TRY IT → Exact copies of all the entries are required, and no pictures should appear in them.

INPUT RECORDS →
↓

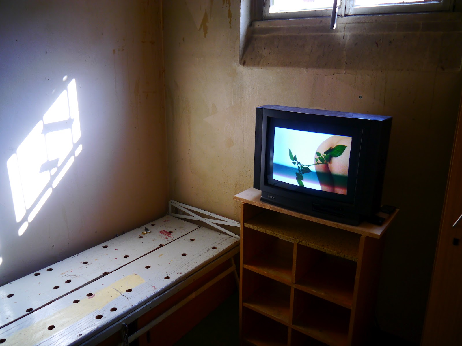 Une oeuvre vidéo dans une cellule de l’ancienne prison de la Schönstedtstraße. Oui, c’est bien ce que vous voyez: un plant de tomate qui pousse dans un cul. Il n’y avait aucune explication.
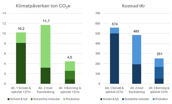 Diagrammet ovan visar resultat från Tyréns egna beräkningsverktyg Waterclimber. För VA undersöktes klimatpåverkan och kostnad för att schakta ned ledningarna 127 m med självfall (Alt 1), Schakta en kortare sträckning 60m, då krävs tryckledningar inkl. extra brunnar, pumpar och pumphus (Alt 2) eller lägga ner ledningarna med schaktfri metod borrning 127 m med självfall ( Alt.3)
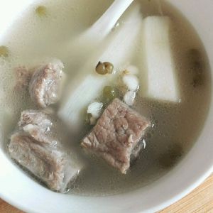 将绿豆、薏米与猪肋骨一同下锅,加刚好没过食材的水。炖大约半小时。半小时后会发现汤已经有了绿豆色。
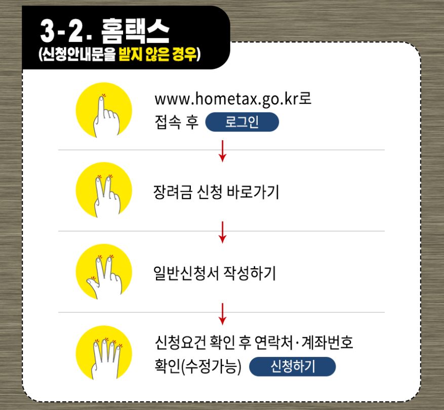 앱스토어(play스토어)에서 '손택스' 어플 설치, 앱실행후 근로·자녀장려금 신청 선택 후 진행 절차에 따라 신청 홈택스(www.hometax.go.kr) 로그인(공인인증서) 후 계좌 및 전화번호 입력 후 신청확인 전송
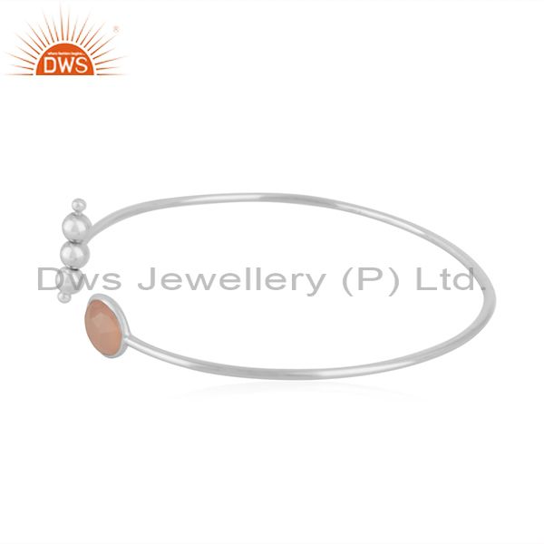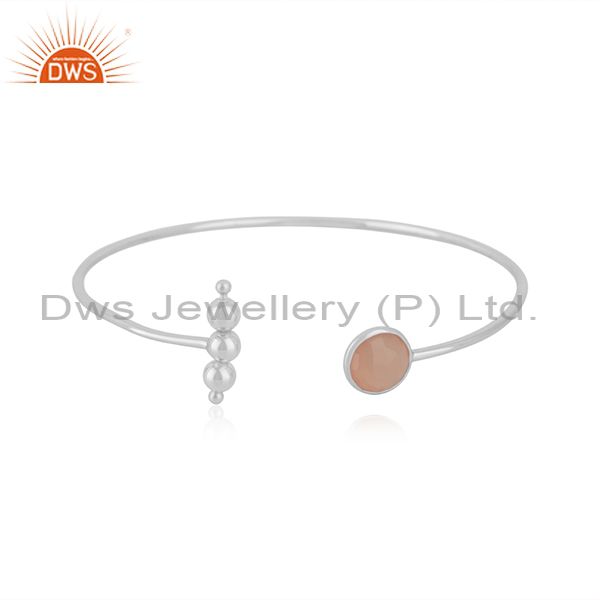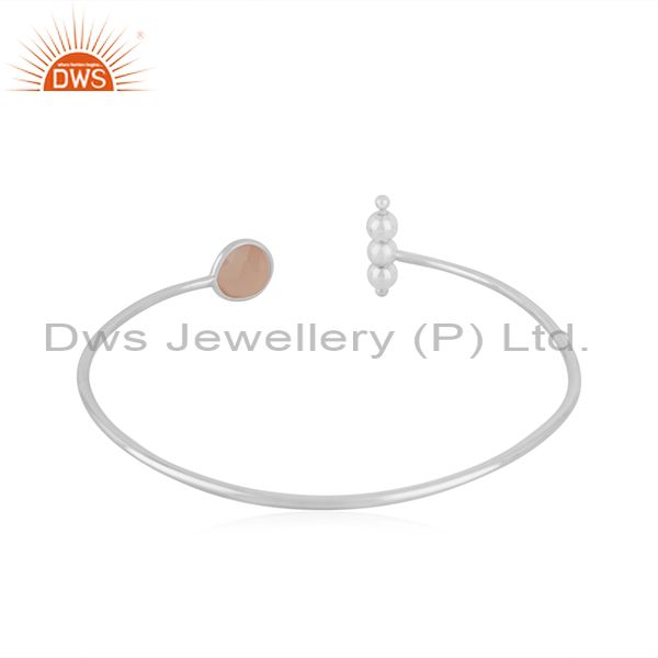Designer 925 Sterling Silver Rose Chalcedony Gemstone Cuff Bracelet Manufacturer

↑

RESULT →
 Une oeuvre vidéo dans une cellule de l’ancienne prison de la Schönstedtstraße. Oui, c’est bien ce que vous voyez: un plant de tomate qui pousse dans un cul. Il n’y avait aucune explication.
 Diagrammet ovan visar resultat från Tyréns egna beräkningsverktyg Waterclimber. För VA undersöktes klimatpåverkan och kostnad för att schakta ned ledningarna 127 m med självfall (Alt 1), Schakta en kortare sträckning 60m, då krävs tryckledningar inkl. extra brunnar, pumpar och pumphus (Alt 2) eller lägga ner ledningarna med schaktfri metod borrning 127 m med självfall ( Alt.3)
 将绿豆、薏米与猪肋骨一同下锅,加刚好没过食材的水。炖大约半小时。半小时后会发现汤已经有了绿豆色。
 앱스토어(play스토어)에서 '손택스' 어플 설치, 앱실행후 근로·자녀장려금 신청 선택 후 진행 절차에 따라 신청 홈택스(www.hometax.go.kr) 로그인(공인인증서) 후 계좌 및 전화번호 입력 후 신청확인 전송
Designer 925 Sterling Silver Rose Chalcedony Gemstone Cuff Bracelet Manufacturer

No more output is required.